I had a similar experience when practicing martial arts for several years. When you educate and train yourself to know how to handle an attacker, you become less fearful of being attacked. I remember one of the students at my school was attacked by a would-be mugger when he was only a green belt, and he used what he learned to successfully fend off the attacker without getting himself hurt. Many of the black belts at the school genuinely had no fear of ever being attacked because they knew their reflexes would just take over — they were actually more worried about hurting someone really badly by accident.
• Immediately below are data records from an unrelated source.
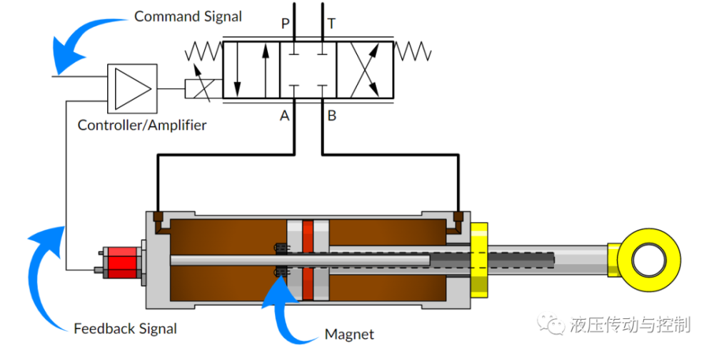 上述伺服阀的回路示例中,油缸内置位移传感器跟踪活塞杆位置变化。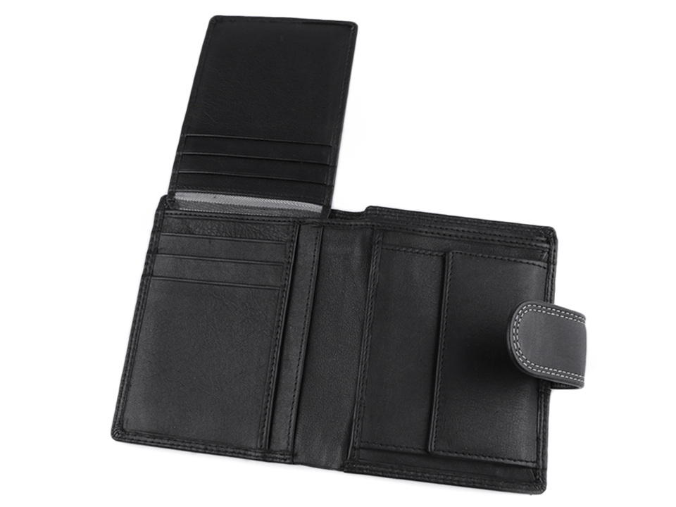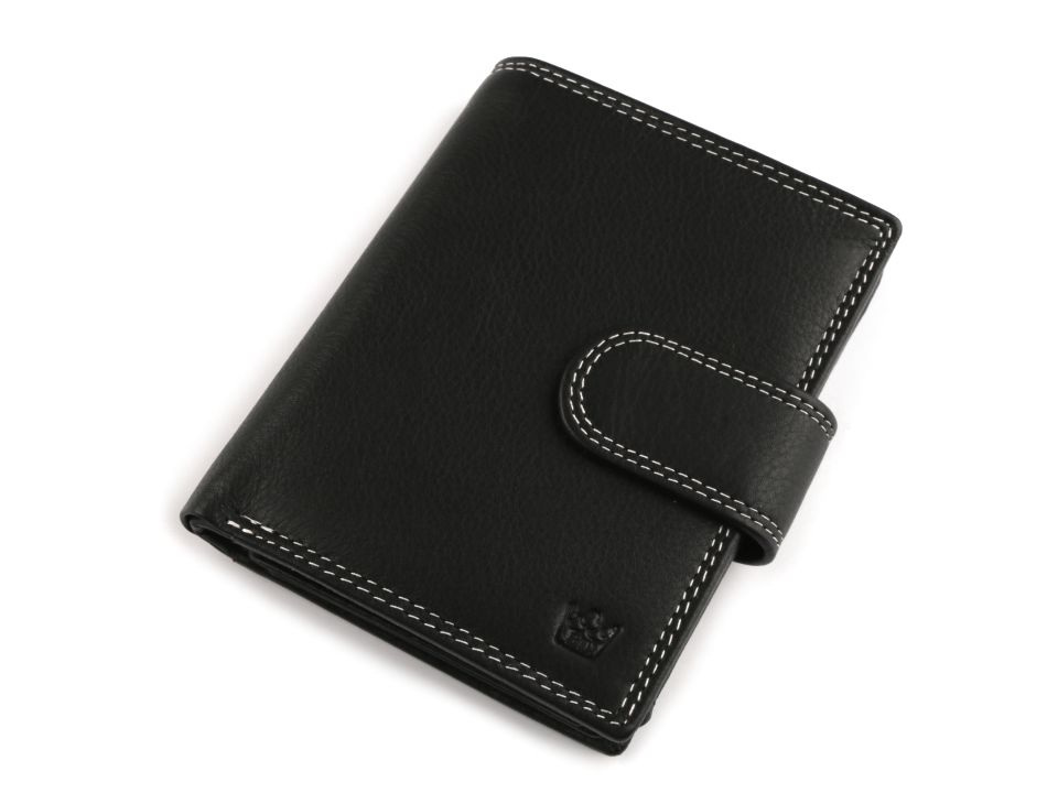 Luxusní pánská peněženka z pravé kůže má velice kvalitní provedení. Je pěkně a přehledně uspořádaná, lehká a příjemná na dotek. Na okraji má konstrastní štepování bílou nití. Dodáváme ji v krabičce.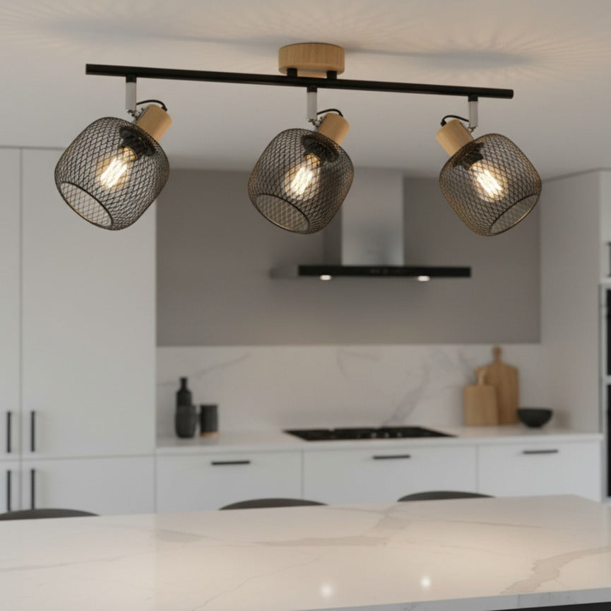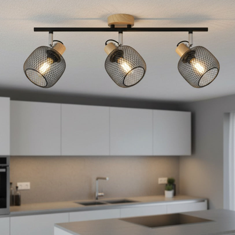Lustră BEKA cu 3 Spoturi Reglabile Black & Brown este un corp de iluminat decorativ cu stil industrial–modern, ideal pentru living, dining, holuri sau spații comerciale precum cafenele și restaurante. Designul combină armonios structura metalică neagră cu elementele din lemn și abajururile metalice tip plasă, oferind un aspect cald, modern și bine echilibrat.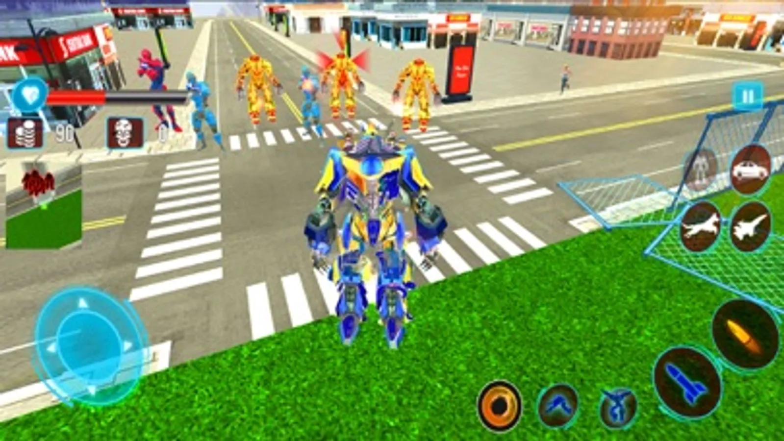 Are you ready for futuristic transform wars in transforming robot games with police dog rescue cities and eradicating criminal activities and evil robots fighting in cop games and police games? You will enjoy smooth controls over the robot while playing. You have played multiple Robot Police Dog games but real robot car transforms will give you real experience when you transform a robot into a flying jet, dog, and car in Robot fighting games 3d 2021.
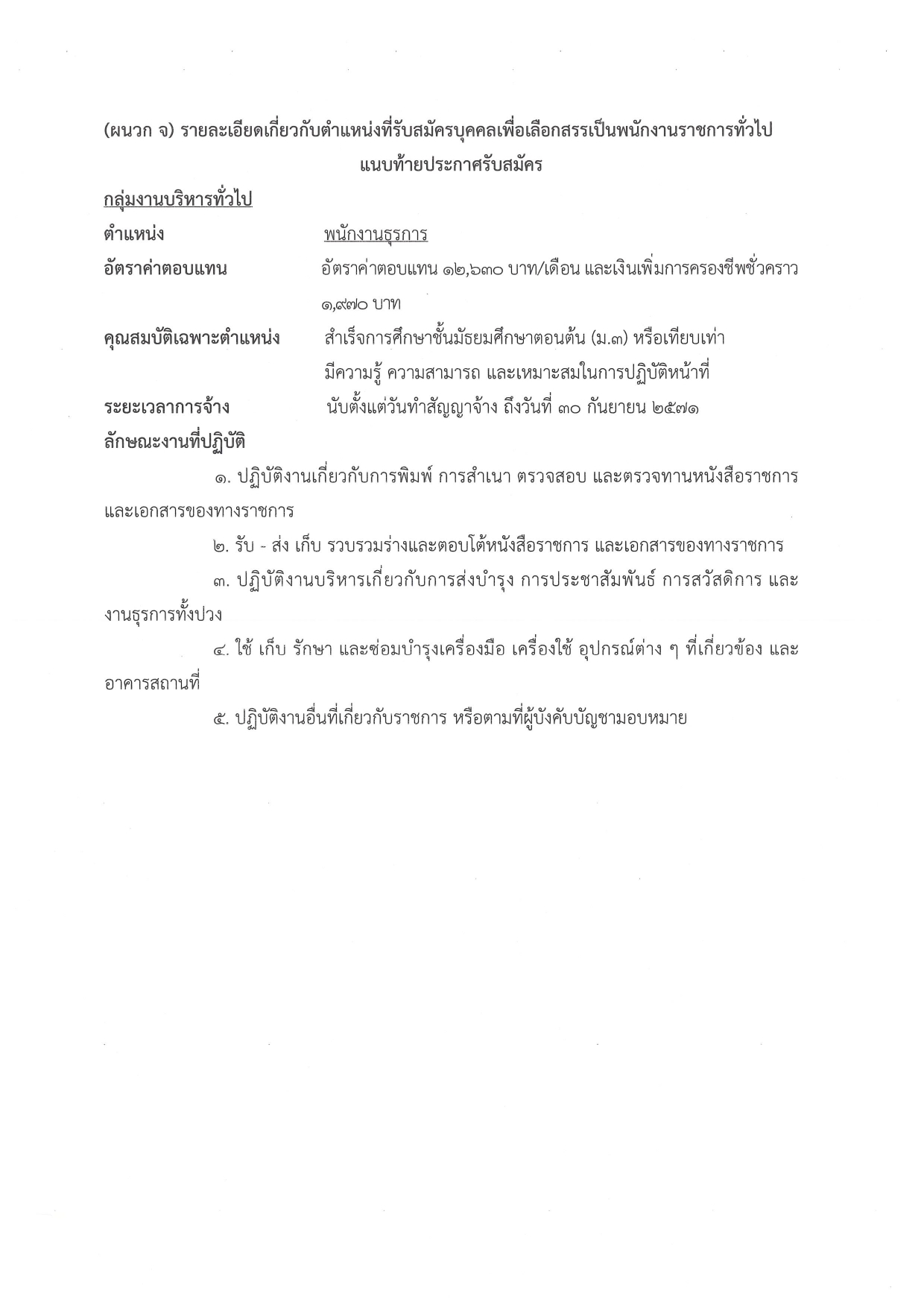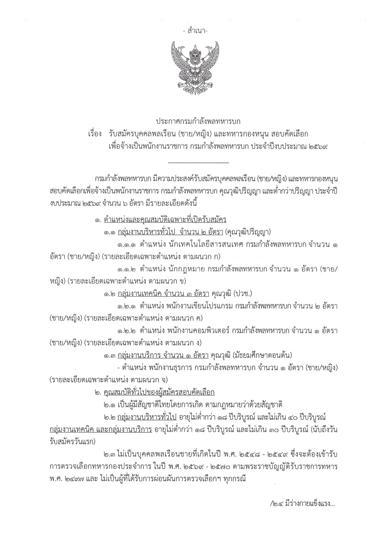 อายุ: * กลุ่มบริหารทั่วไป: 18 – 40 ปีบริบูรณ์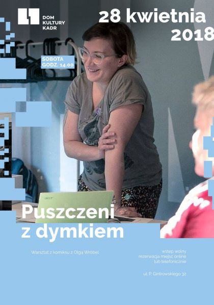 “Puszczeni z dymkiem” to warsztat prowadzony przez znaną komiksiarkę Olgę Wróbel. Dedykowany jest dorosłym i młodzieży (16 +). Umiejętność rysowania nie jest konieczna, gdyż prowadząca skupia się na narracji, budowie planszy i przekazu, niekoniecznie na doskonaleniu kreski. Na początku opowie o tym, czym jest komiks, co go tworzy, jakie są charakterystyczne cechy jego języka. Z pozyskanych w ten sposób cegiełek uczestnicy spróbują stworzyć własną narrację. Każdy dostanie do wyboru dwie mini-prozy poetyckie. Poddane one zostaną wspólnej lekturze i analizie, następnie z Olgą Wróbel spróbują przełożyć twarde słowa na płynny język komiksu dbając o to, żeby to, co najważniejsze nie zaginęło między kadrami.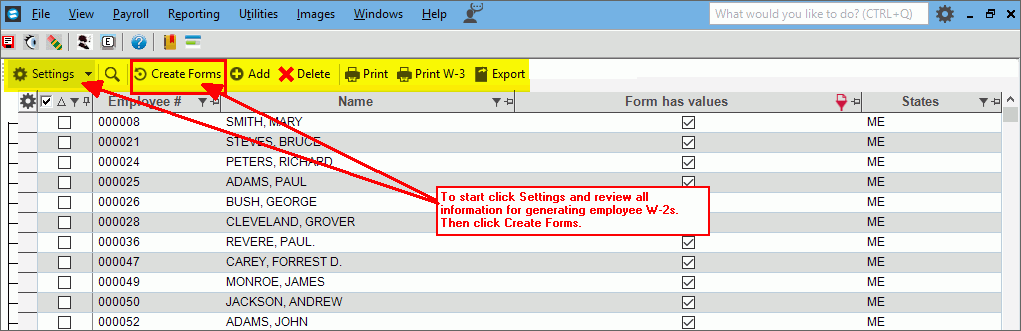 Use the W-2 Processing to generate, edit and print employee W-2s. In addition, you can generate a file for submitting the employee W-2s electronically to the IRS.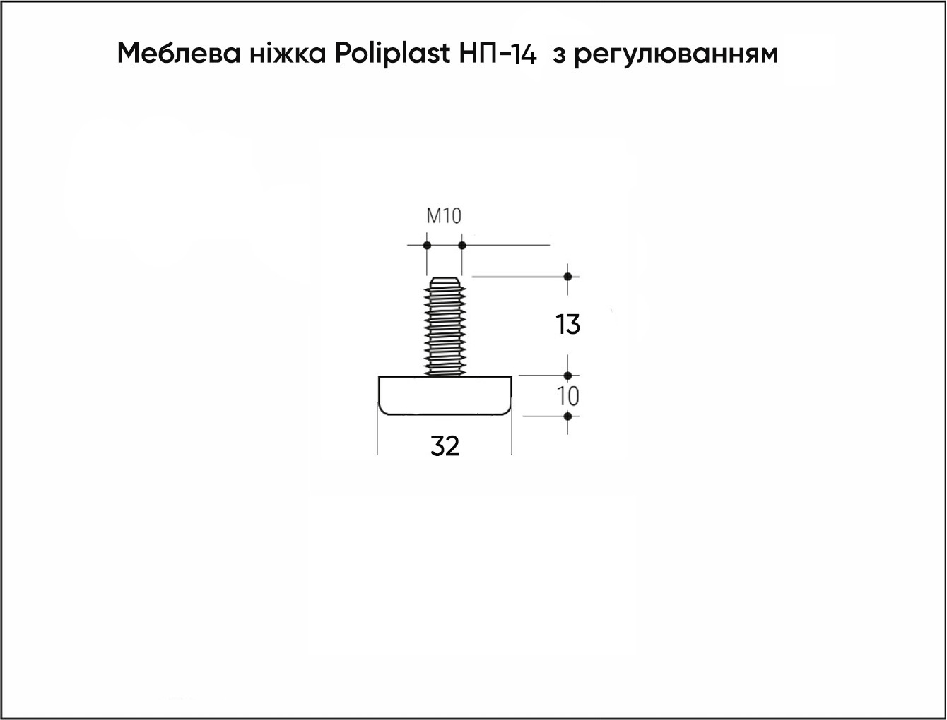 Меблева ніжка Poliplast НП-14 М10 з регулюванням, чорний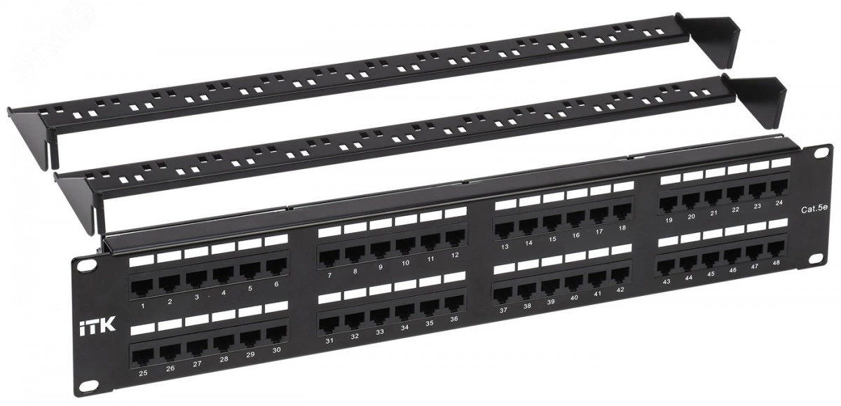 Коммутационные панели или патч-панели являются важнейшей частью любой СКС и IT-инфраструктуры здания и сооружения с большим количеством информационных розеток и терминальных портов конечных пользователей.В зависимости от способа крепления, масштабности кабельной системы, типа сети ITK изготавливает патч-панели для настенного монтажа или монтажа в 19-дюймовый конструктив, по количеству портов - 12-, 24-, 25-, 48-, 50-, категорий - 3 (телефонные), 5E, 6, 6A, в экранированном исполнении и без защитного экрана.Патч-панели для монтажа в 19' шкаф или стойку соответствуют стандарту 19' (482,6 мм), имеют отверстия с левой и правой стороны для крепления на профиль, производятся высотой 0,5, 1 или 2 юнита.На передней стороне все патч-панели ITK имеют специальную площадку для дополнительной маркировки и цифровую нумерацию портов.Патч-панели соответствуют международным стандартам UL 1863, ISO/IEC 11801 -2002, TIA/EIA-568-B.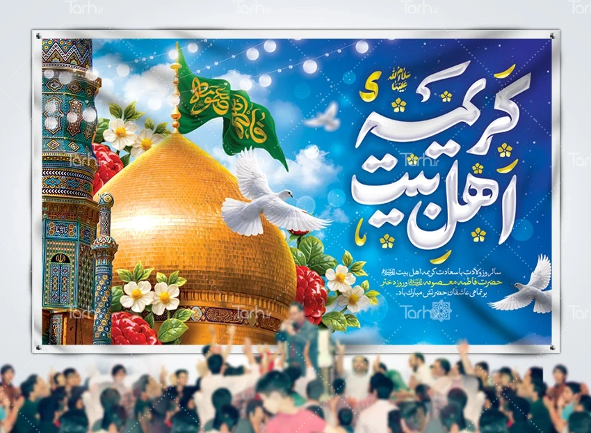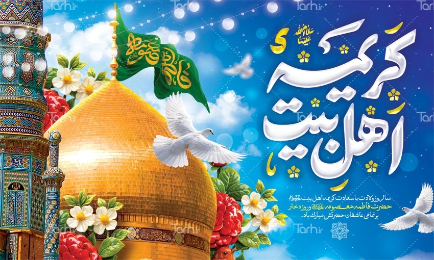طرح بنر پشت سن ولادت حضرت معصومه با خوشنویسی کریمه اهل بیت کد فایل 4950218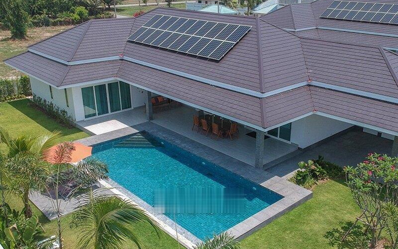 Jede dieser Luxusvillen ist mit 5,40 KW Solarmodulen der Klasse A ausgestattet, die etwa 4.000 Baht Strom pro Monat einsparen.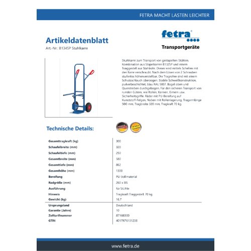 Eigenschaften "FETRA Stuhlkarre B1345P"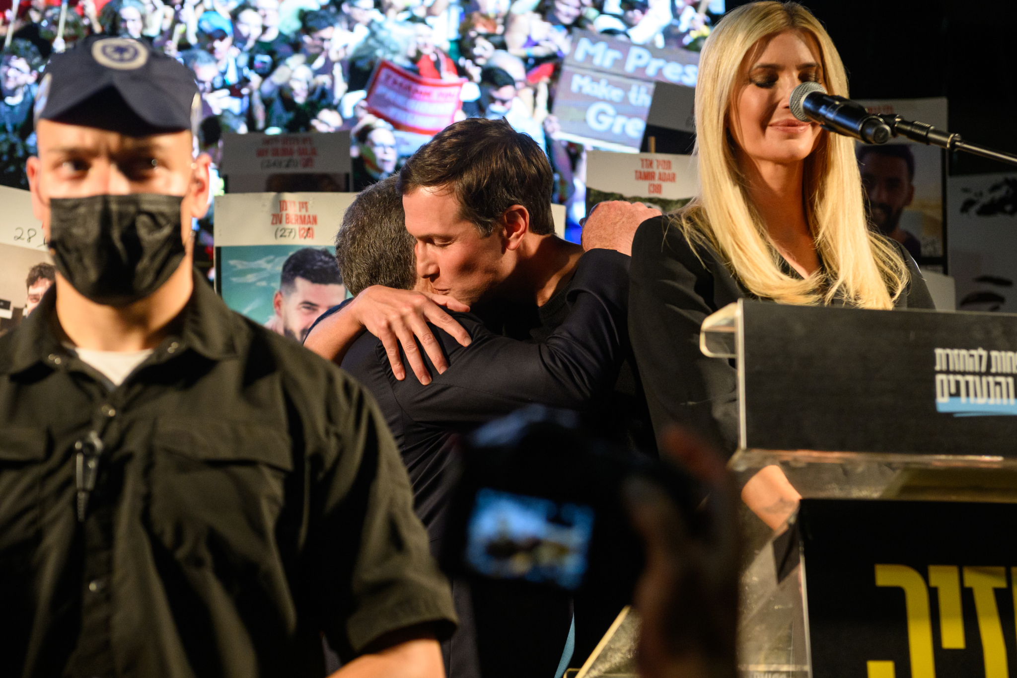 Jared Kushner ôm Đặc phái viên Hoa Kỳ tại Trung Đông Steve Witkoff bên cạnh Ivanka Trump, phát biểu trước đám đông tại Quảng trường Con tin hoặc phát biểu tại cuộc mít tinh hàng tuần "Đưa họ về nhà" tại Quảng trường Con tin vào ngày 11 tháng 10 năm 2025 tại Tel Aviv, Israel. Thỏa thuận ngừng bắn tuần này giữa Israel và Hamas đã chấm dứt hai năm chiến tranh sau các cuộc tấn công ngày 7 tháng 10 năm 2023. Một điều kiện của thỏa thuận là 48 con tin bị giam giữ tại Gaza được trả tự do, trong đó 20 người được cho là vẫn còn sống. (Ảnh: Alexi Rosenfeld/Getty Images)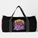 This vibrant black duffle bag features a retro-style motorcycle graphic within a shield, boldly stating "BORN TO RIDE". The colourful, distressed text and circular pattern add to its classic appeal. Perfect for motorcycle enthusiasts, this bag expresses a deep passion for riding and the open road. Edit colour of the bag caps and body in the Design tool to your favored colours.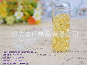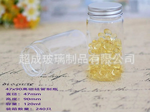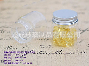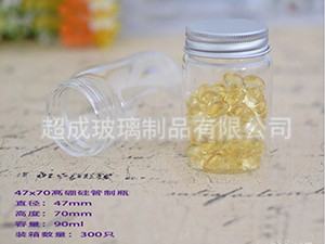 此款規(guī)格為直徑44mm,口徑40mm,高度89mm,容量70ml。原材料采用優(yōu)質(zhì)高硼硅玻璃,制作工藝為管制??畈A恐饕糜诟邫n保健品,蟲草含片,瑪咖精片,鹿茸膠囊,參茸,山參片,蟲草粉,蜂膠,魚油,燕窩,海參等高檔奢飾品。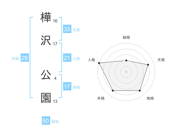 樺沢 公園さんを姓名の画数から五運を鑑定

Their whole body knew what to do. Somewhere around the time I reached brown belt or red belt, I started experiencing this as well, almost wanting someone to attack me just to see how my body would react from all the conditioning. I found out from others at my school that this is very common. When you know what to do, you not only stop being afraid — you actually begin to welcome the object of your fear. I’m not suggesting that inviting attacks is a good idea. I’m just saying that education is a powerful way to destroy fear. Uncertainty breeds fear; knowledge kills it.

You’re unlikely to fear what you’re good at, so a great way to conquer a fear is to make the commitment to studying and mastering whatever it is you fear. This way you take control of the object of your fear by facing it in baby-sized confrontations. If you’re afraid of public speaking, learn to speak. If you’re afraid of not knowing what to do in a medical emergency, learn CPR and first aid. If you’re one of those people who can’t merge when getting on the freeway, get someone who can merge to teach you how to do it.